Bernd Wellmann, the master brain behind the building of the Ranger and a man with an open face whose seemingly unperturbed demeanour will stay with me forever, was confident that the “strong” car would easily see it through — as long as Alvarez and Graue could keep it in the race.

They did, albeit sometimes only just, because of driver input. On the way to 22nd place overall (from 81st after the third stage) they even managed a hat-trick of top tens on the last four stages, including the super long 11th stage of 605km.

“The engine needs improvement for these conditions, but overall the car was handling it very well,” said Alvarez.
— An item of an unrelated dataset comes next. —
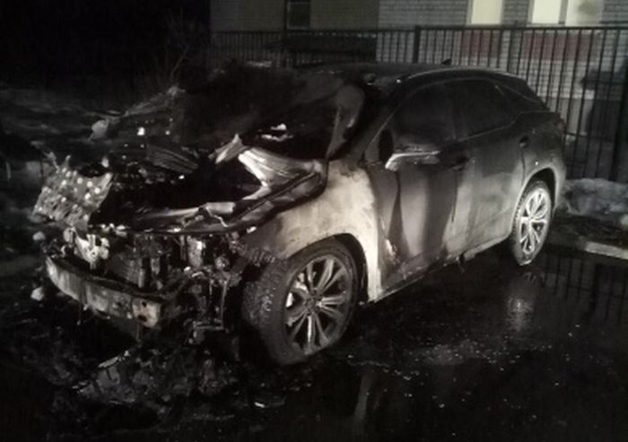 В огне сгорели передние фары, бампер, решетка радиатора. Пламенем повреждены моторный отсек, электропроводка, лакокрасочное покрытие, остекление, салон и передние колеса.

Their dramatic journey to get to the end was perhaps best summed up by Abraham, the most experienced Dakar participant in a supporting role: “We were kicked in the teeth… and then we got kicked in the balls. But by the time we got to the third last day, we were in a position where we wished the race could start then.”

In retrospect, there are many ifs, but the truth is that when calamity blew into their midst with the terrible heat, sand and dust, this Ford team got stuck in, earning the respect of fellow competitors.

In situations like these, you always need something or someone that others can feed off, like a soldier on the ground. In this case it was an Irishman, Ian “Buster” Moore, who represented one of eight nationalities in the team.

“I always look at the job like a Brian O’Driscoll would for his rugby team: just get down and do it — lead by example. It’s a tough job, but someone’s got to do it.”

Moore and his fellow mechanical support crew members, from Wellmann and race engineer Ian “Scooter” Davies checking diagnostics on their laptops to the guy cleaning windows, never had the luxury of seeing their car(s) perform on the stages, because support trucks are not allowed on the same route. So for them it was all riding on one thing: get their Ranger to the end, where they could join it on the finishing ramp — the only place where they might share their sense of achievement. So it was with high spirits that they left for the finishing ramp in Valparaisó.

Having spent two weeks on the Dakar with the Ford guys, I had no doubt about their feelings. But nothing, not even when they were hit between the eyes and kicked in vulnerable places on the first three days, could prepare one for the terrible disappointment that will forever haunt the Ford support team — missing the finishing ramp by ten minutes.

For now, the Ford effort will be remembered as a very expensive trial run. In retrospect, they failed in their premature attempt to impress with a good overall position, but they have learned a lot. It could have been worse, a lot worse. But it was not, thanks to the Lone Ranger.